--- Supplied records ---

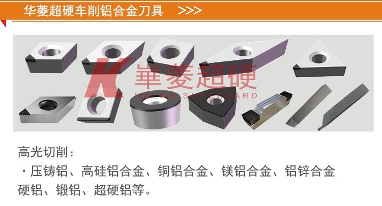 华菱超硬供应加工压铸铝、高硅铝合金、锻铝、6061铝合金、硬铝等铝合金用宝石高光刀具,包含宝石高光铣刀、宝石高光倒角刀、宝石高光车刀片、宝石高光铰刀以及非标宝石高光成型刀刀具等,华菱超硬负责设计的刀具,或承接的其他技术改进项目,由华菱负责免费调整,直至客户满意,欢迎新老客户来电垂询!
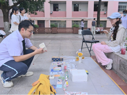 活动现场,各类商品琳琅满目,摊位前热闹非凡。除了常见的课本和工具书,小巧可爱的钥匙扣、做工精巧的手工艺品、童真有趣的泡泡机也出现在市场上,吸引了众多同学驻足挑选。摊主们热情洋溢地向来往同学介绍商品的特点和使用方法,讲述它们背后的温暖故事,每一件物品都承载着珍贵的校园记忆。
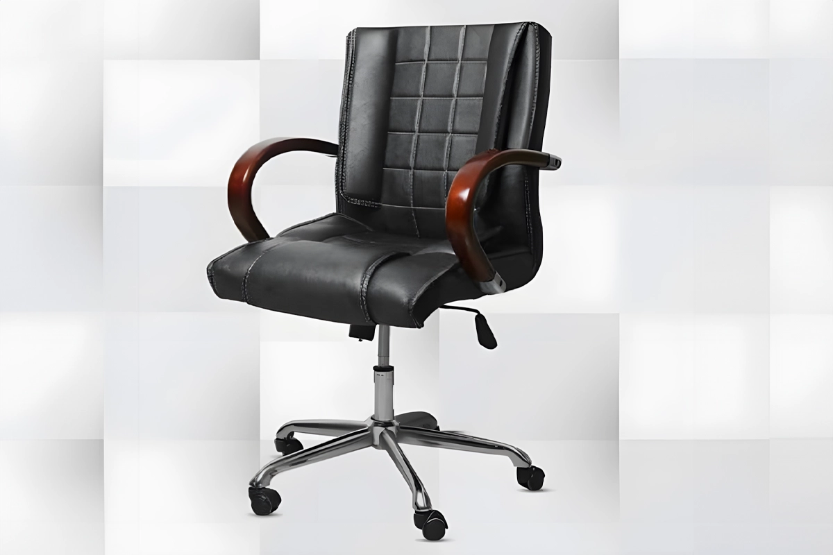 Mada Store mid back leather office chair offers balanced seating and gentle back support, combining practicality and elegance for everyday office use.
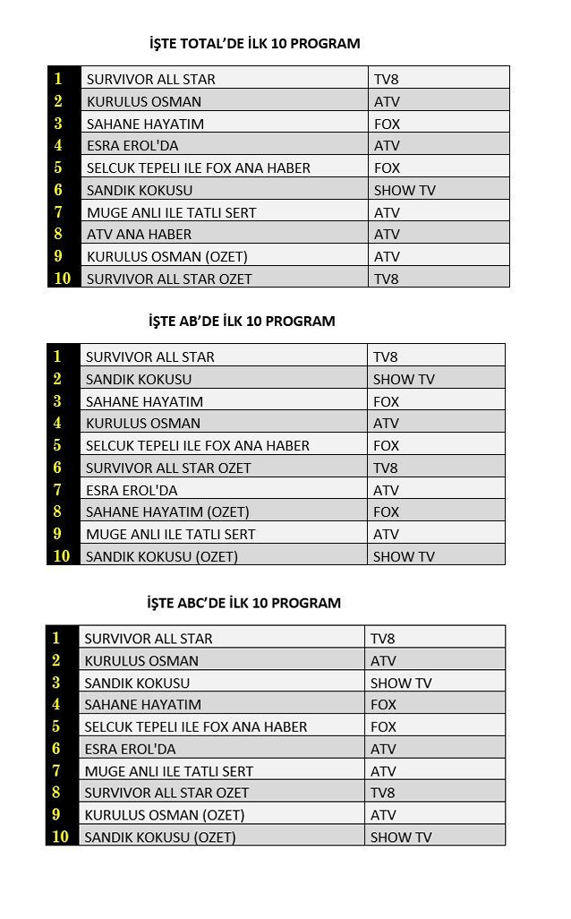 ABC'de ise 1.sırada TV8’de izleyiciyle buluşan “Survivor All Star”, 2. sırada Atv’de yayınlanan “Kuruluş Osman”, 3.sırada “Sandık Kokusu” yer aldı.
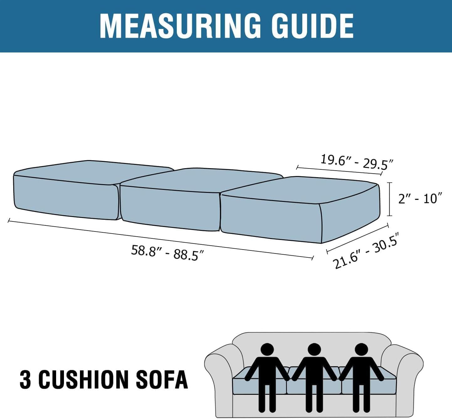 - ANY FORM FIT: Each cushion cover measures: 19.6-29.5" length, 21.6-30.5" width and 2-10" height. It's crafted from a unique extra stretchy fabric, perfect for regular square cushions, T-cushions and also L-cushions, used to cover not only the seat cushions of your sofa, but also the back cushions as long as they can be separated from the sofa

---

*Problem statement:* A faithful copy of every entry is needed, omitting each image.

*Answer section:*
 华菱超硬供应加工压铸铝、高硅铝合金、锻铝、6061铝合金、硬铝等铝合金用宝石高光刀具,包含宝石高光铣刀、宝石高光倒角刀、宝石高光车刀片、宝石高光铰刀以及非标宝石高光成型刀刀具等,华菱超硬负责设计的刀具,或承接的其他技术改进项目,由华菱负责免费调整,直至客户满意,欢迎新老客户来电垂询!
 活动现场,各类商品琳琅满目,摊位前热闹非凡。除了常见的课本和工具书,小巧可爱的钥匙扣、做工精巧的手工艺品、童真有趣的泡泡机也出现在市场上,吸引了众多同学驻足挑选。摊主们热情洋溢地向来往同学介绍商品的特点和使用方法,讲述它们背后的温暖故事,每一件物品都承载着珍贵的校园记忆。
 Mada Store mid back leather office chair offers balanced seating and gentle back support, combining practicality and elegance for everyday office use.
 ABC'de ise 1.sırada TV8’de izleyiciyle buluşan “Survivor All Star”, 2. sırada Atv’de yayınlanan “Kuruluş Osman”, 3.sırada “Sandık Kokusu” yer aldı.
 - ANY FORM FIT: Each cushion cover measures: 19.6-29.5" length, 21.6-30.5" width and 2-10" height. It's crafted from a unique extra stretchy fabric, perfect for regular square cushions, T-cushions and also L-cushions, used to cover not only the seat cushions of your sofa, but also the back cushions as long as they can be separated from the sofa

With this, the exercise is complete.